The commission would now refer the settlements to the Competition Tribunal for public hearings and final approval.
WBHO, which received the biggest fine, said it would pay its penalty of R311-million in three equal instalments over three years.
WBHO had provided R220-million for administrative penalties in the financial year ended June 30, 2012, while an amount of R91-million would be accounted for in the financial results for the year ended June 30, 2013.
However, it added that five alleged prohibited practices that the company did not believe were contraventions of the Competition Act had yet to be settled as part of the fast-track settlement process, while one prohibited practice, which was excluded from the fast-track settlement invitation, had yet to be settled with the commission.
Murray & Roberts group CE Henry Laas referred to the process as “exhaustive”, adding that the investigation, and its subsequent impact on the company’s reputation, had weighed heavily on its employees and stakeholders.
“To the best of our knowledge, there is no anticompetitive conduct present in the group. The board and management continue to set the vision for and commitment to a morally and ethically sound culture within Murray & Roberts. We support a fully competitive culture in the industry,” he said in a statement.
The firm would pay its R309-million settlement in three instalments; R103-million would be payable one month after the tribunal confirmed the settlement, R103-million after 12 months, and R103-million after 24 months.
“Most of the conduct identified during the settlement process related to persons who are no longer employed in the group and largely to companies acquired by Murray & Roberts in 2006 and 2007,” Laas added.
In addition, he said that Murray and Roberts had instituted internal processes to prevent future anticompetitive behaviour, which included annual compliance declarations by all executives, as well as compliance declarations with each tender submitted.
Meanwhile, Aveng, which entered into the third-largest settlement agreement with the commission, would also settle its R306.5-million penalty in three equal yearly payments, with the first amount due on July 1.
CEO Roger Jardine said that, while the firm had worked closely with the Competition Commission, it was unable to gain the cooperation of a few key former employees who, based upon the information conveyed by the commission, had knowledge of the collusion.
“This situation severely prejudiced Aveng’s position with regards to, firstly, obtaining leniency and, secondly, to accurately verifying the evidence submitted to the competition authorities by other firms. As a result, and for the purposes of settlement, Aveng relied on the evidence presented to it by the commission,” he said in a teleconference on Monday.

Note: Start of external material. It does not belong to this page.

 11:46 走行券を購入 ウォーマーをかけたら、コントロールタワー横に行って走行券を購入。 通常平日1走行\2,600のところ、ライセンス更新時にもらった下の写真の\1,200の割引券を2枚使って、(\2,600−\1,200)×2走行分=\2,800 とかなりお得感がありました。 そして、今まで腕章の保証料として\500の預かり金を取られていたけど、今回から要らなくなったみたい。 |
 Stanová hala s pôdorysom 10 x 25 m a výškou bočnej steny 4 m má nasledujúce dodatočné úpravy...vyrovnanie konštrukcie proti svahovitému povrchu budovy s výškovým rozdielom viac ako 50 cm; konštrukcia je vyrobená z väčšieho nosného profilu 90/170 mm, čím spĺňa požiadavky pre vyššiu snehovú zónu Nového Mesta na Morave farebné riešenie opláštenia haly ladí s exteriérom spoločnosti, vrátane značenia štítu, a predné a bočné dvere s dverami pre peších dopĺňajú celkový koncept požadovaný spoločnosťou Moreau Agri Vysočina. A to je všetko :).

In addition, Basil Read, which reached a R94.9-million settlement agreement with the commission, said that the penalty related to a number of isolated, past contraventions of the Competition Act related to projects carried out by the Roads and Civil Engineering divisions of the company.

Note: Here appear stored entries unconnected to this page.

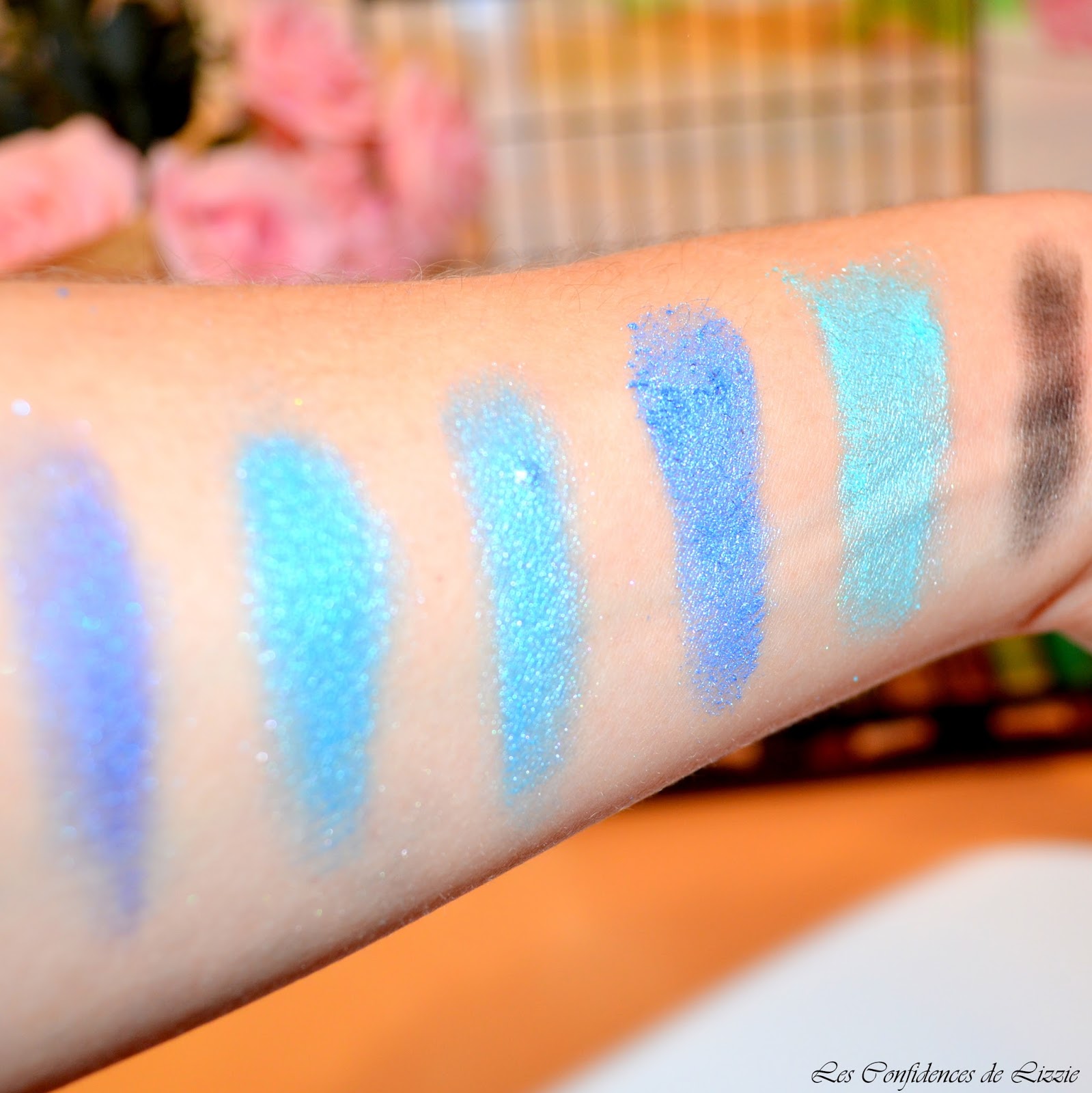 Coucou. Cette palette est vraiment au top. Pour six euros, je suis super bluffée de la pigmentation des bleus. Une jolie découverte. Merci et belle journée ! Des bisous !
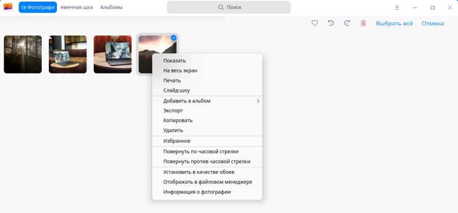 Улучшено управление фотографиями в Deepin с помощью приложения Фотоальбом. Расширены возможности пакетного выбора, предварительный просмотр фото и видео. Также были добавлены некоторые новые кнопки для быстрых действий.
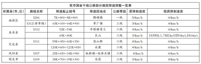 “近年来,伴随着我市公路路域环境的逐步改善和公路交通安全隐患的综合治理,滁州境内许多公路的通行标准都得到大幅提高。”市公路管理局路政科科长赵增林在采访中这样告诉记者,“为进一步规范和完善我市公路限速标志的设置,更好地满足群众便捷高效安全的出行需求,经市交通运输局、市安监局、市公安局批准,我市将调整国省道干线公路部分路段的限速标准。”(记者李志情)

Basil Read CEO Marius Heyns said the company had since adopted a rigorous, ongoing competition law compliance policy.
“This regrettable chapter in Basil Read’s history has now ended, and the company looks forward to continuing to compete effectively, efficiently and in compliance with the law,” he commented.
Group Five, which had yet to agree to a settlement with the commission despite being the first company to approach it, said on Monday that it had been informed by the commission that it would seek a proposed administrative penalty that was higher than previously anticipated.
The group had, as yet, not reached settlement with the commission on four projects, owing to factual and evidentiary discrepancies between the commission and the company on these projects.
“The group is not obliged to accede to final settlement until its matters have been fully investigated by the commission,” it said in a statement.